_EXERCISE INSTRUCTIONS_
Leave the pictures aside and copy all the data exactly.

_DATASET EXTRACT_
'''

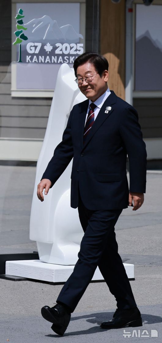 [카나나스키스(캐나다)=뉴시스] 최진석 기자 = 이재명 대통령이 17일(현지 시간) 캐나다 앨버타주 카나나스키스 주요 7개국(G7) 정상회의장에서 열린 초청국 공식 환영식에 도착하고 있다. 2025.06.18. myjs@newsis.com |
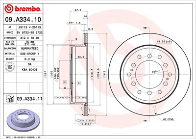 Brembo Bremsscheibe Hinterachse Belüftet [Hersteller-Nr. 09.A334.11] für Toyota, Lexus
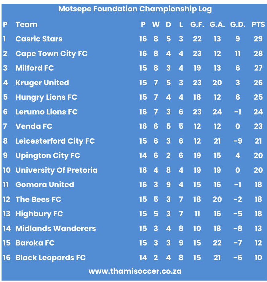 Motsepe Foundation Championship Log 27 January 2026 Posted on 2026-01-272026-01-27 By Thami Mshengu No Comments on Motsepe Foundation Championship Log 27 January 2026 (Visited 64 times, 1 visits today)Share this:TwitterWhatsAppPrintTumblrLinkedInFacebookTelegramRedditPocket Related Motsepe Foundation Championship Tags:Casric Stars

'''

_RESPONSE TO THE TASK_
 [카나나스키스(캐나다)=뉴시스] 최진석 기자 = 이재명 대통령이 17일(현지 시간) 캐나다 앨버타주 카나나스키스 주요 7개국(G7) 정상회의장에서 열린 초청국 공식 환영식에 도착하고 있다. 2025.06.18. myjs@newsis.com |
 Brembo Bremsscheibe Hinterachse Belüftet [Hersteller-Nr. 09.A334.11] für Toyota, Lexus
 Motsepe Foundation Championship Log 27 January 2026 Posted on 2026-01-272026-01-27 By Thami Mshengu No Comments on Motsepe Foundation Championship Log 27 January 2026 (Visited 64 times, 1 visits today)Share this:TwitterWhatsAppPrintTumblrLinkedInFacebookTelegramRedditPocket Related Motsepe Foundation Championship Tags:Casric Stars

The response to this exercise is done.